* PROBLEM DESCRIPTION: Copy out exactly the lines from the one with "Praise of the thousand" through the last line of the listing below, both included, but none of the pictures.

* SUPPLIED MATERIAL:
──────────────────────────────
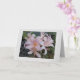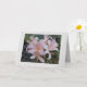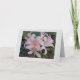 Eine 5"x7" Standard Faltkarte, Halbschweißpapier 12,5 pt Dicke/ 110 lb Gewicht, hellweißes Halbschallglas, mit einem Bild einer Auferstehungslilie, vorne und hinten, mit einem hellgrauen Rahmen /Hintergrund, innen blau.
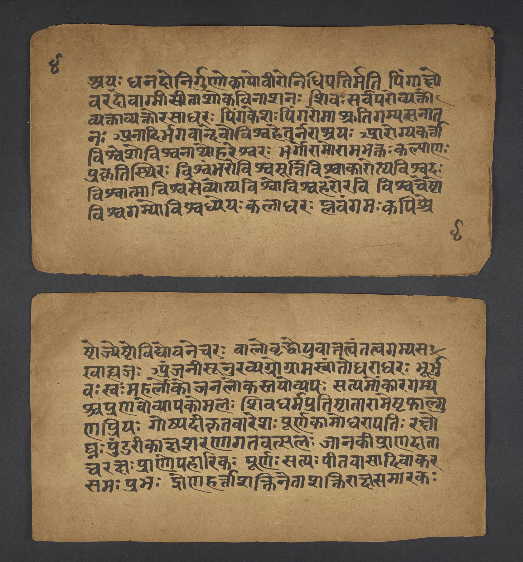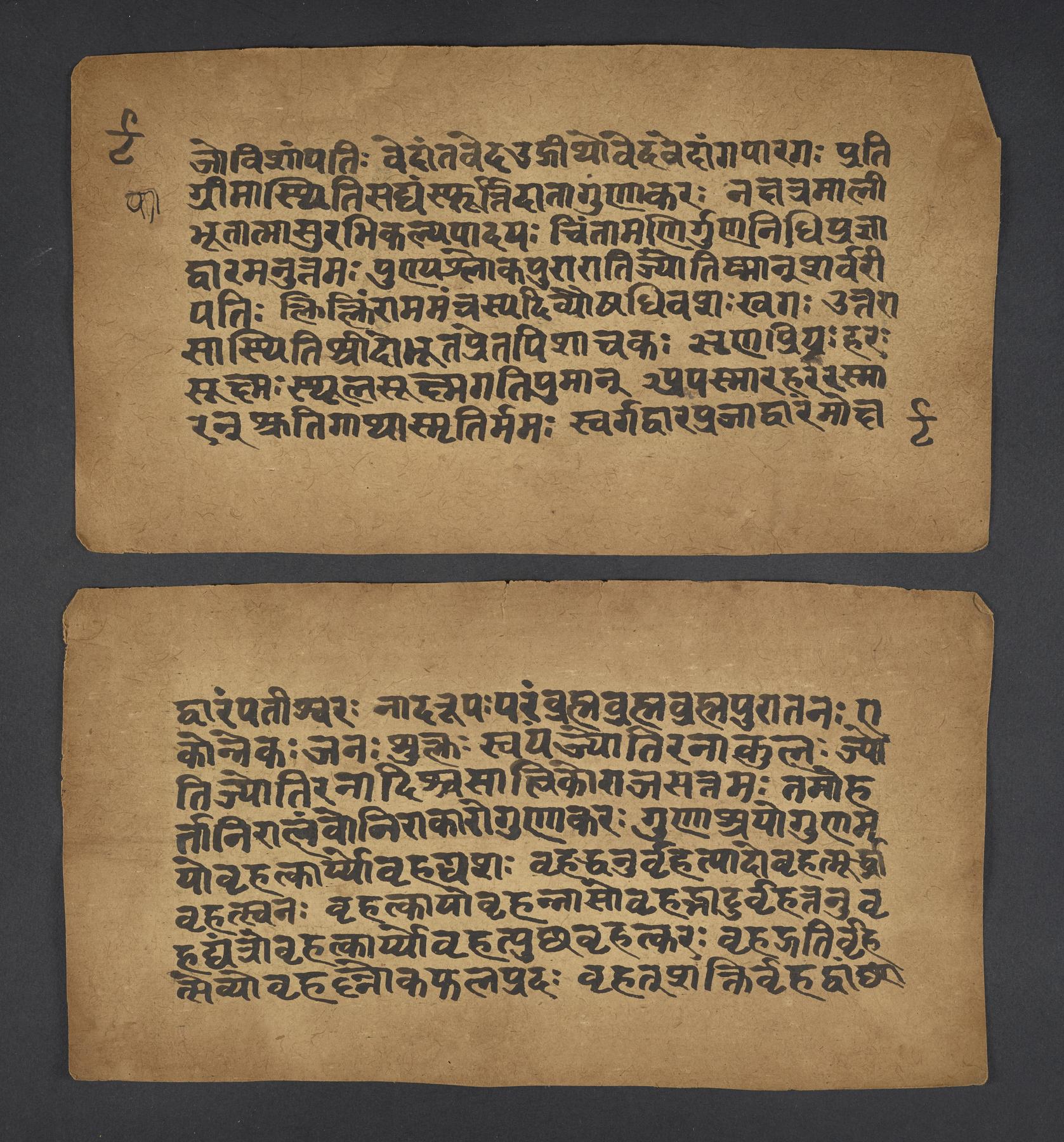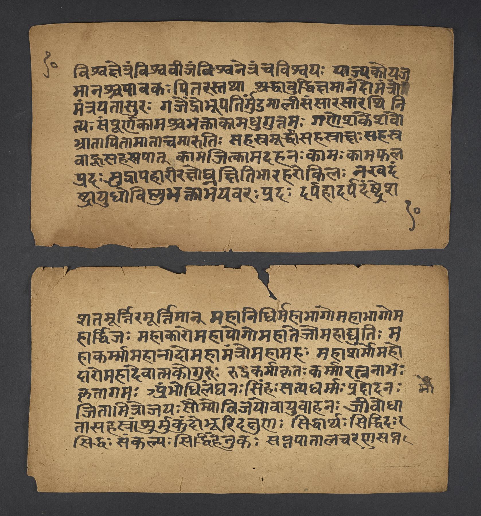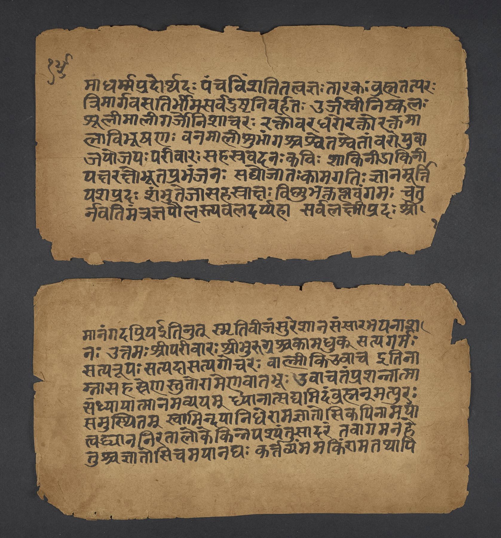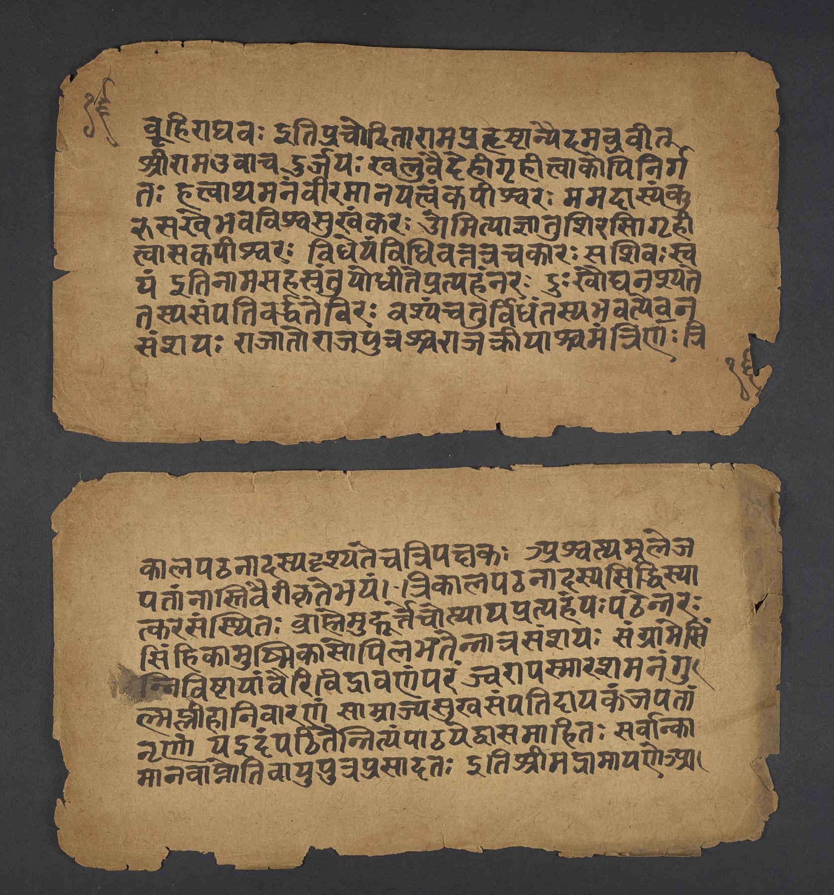 Praise of the thousand names of the Hindu monkey deity Hanuman; said to be conveyed by the Hindu deity and earthly king Rāma; for use in prayer, meditation, and recitation; unrelated verses in another hand on front of text written with folio turned vertically, such as a praise of the Vedanta philosopher Rāmānujā (f. 1r).
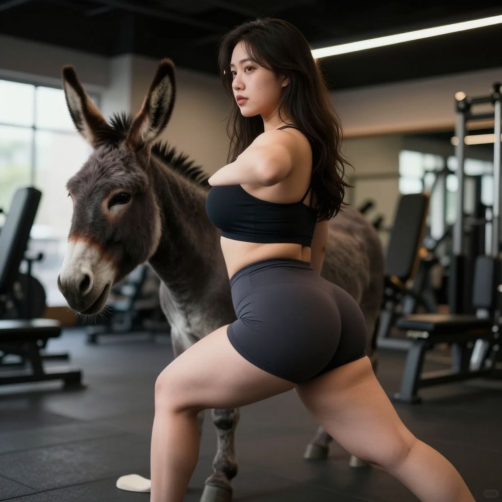 Photograph of an Asian woman with long black hair, wearing a black sports bra and black high-waisted shorts, standing in a gym. She has a toned, curvy physique with prominent buttocks and medium-sized breasts. She stands with one leg forward, facing slightly to the right, looking over her shoulder. A donkey is positioned to her left, standing still with its head facing forward. The gym has dark flooring, weight machines, and bright windows in the background. The image has a realistic, slightly stylized aesthetic, emphasizing the contrast between the woman's athletic build and the donkey's natural form.
──────────────────────────────
* WRITTEN ANSWER:
 Praise of the thousand names of the Hindu monkey deity Hanuman; said to be conveyed by the Hindu deity and earthly king Rāma; for use in prayer, meditation, and recitation; unrelated verses in another hand on front of text written with folio turned vertically, such as a praise of the Vedanta philosopher Rāmānujā (f. 1r).
 Photograph of an Asian woman with long black hair, wearing a black sports bra and black high-waisted shorts, standing in a gym. She has a toned, curvy physique with prominent buttocks and medium-sized breasts. She stands with one leg forward, facing slightly to the right, looking over her shoulder. A donkey is positioned to her left, standing still with its head facing forward. The gym has dark flooring, weight machines, and bright windows in the background. The image has a realistic, slightly stylized aesthetic, emphasizing the contrast between the woman's athletic build and the donkey's natural form.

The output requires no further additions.